= Lansdowne Primary School =

School in Cardiff, UK

Lansdowne Primary School (Ysgol Gynradd Lansdowne) is a Victorian primary school that opened in 1898 in Canton, Cardiff, Wales.

==History==
The school was designed by architects Veall & Sant and opened in January 1898.

During the First World War the school was commandeered and used as a military hospital, before reopening as a school again in 1918. The school was badly damaged by incendiary bombs during the Second World War, when a bombing raid hit Cardiff in January 1941.

In the last 20 years the school has seen the fabric of the building being renovated with new double glazing on the first floor of the Juniors building In the mid-1990s a nursery school was added and about a year after the schools centenary year the overgrown and neglected nature garden was removed. On the cusp of the new Millennium the long-standing headmaster, Mr Davies retired and was presented with a wooden garden bench as a mark of gratitude from staff and pupils.

In 2001 Lansdowne School and School House were granted grade 2 Listing as historic buildings.

== Present day ==
There are currently 382 children attending the school from nearly 200 local families. 71% of the children attending the school are from the local area and within walking distance.

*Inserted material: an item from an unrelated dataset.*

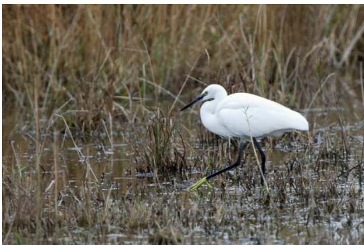
Little Egret, Albufera

Lansdowne also has a Nursery Unit.

In November 2007 Cardiff Council proposed to close Lansdowne Primary School to provide a new site for the local Welsh medium primary school, Ysgol Treganna. This proposal culminated in a campaign by parents and children, with two bus loads of protesters arriving outside the Senedd in March 2010 to petition Education Minister, Leighton Andrews, to reject the closure.

On 17 January 2008 Lansdowne Primary celebrated its 110th Birthday. School pupils created a Victorian fair to mark the occasion.

In November 2011 the school received the CILT Cymru Award for their foreign language teaching and international links.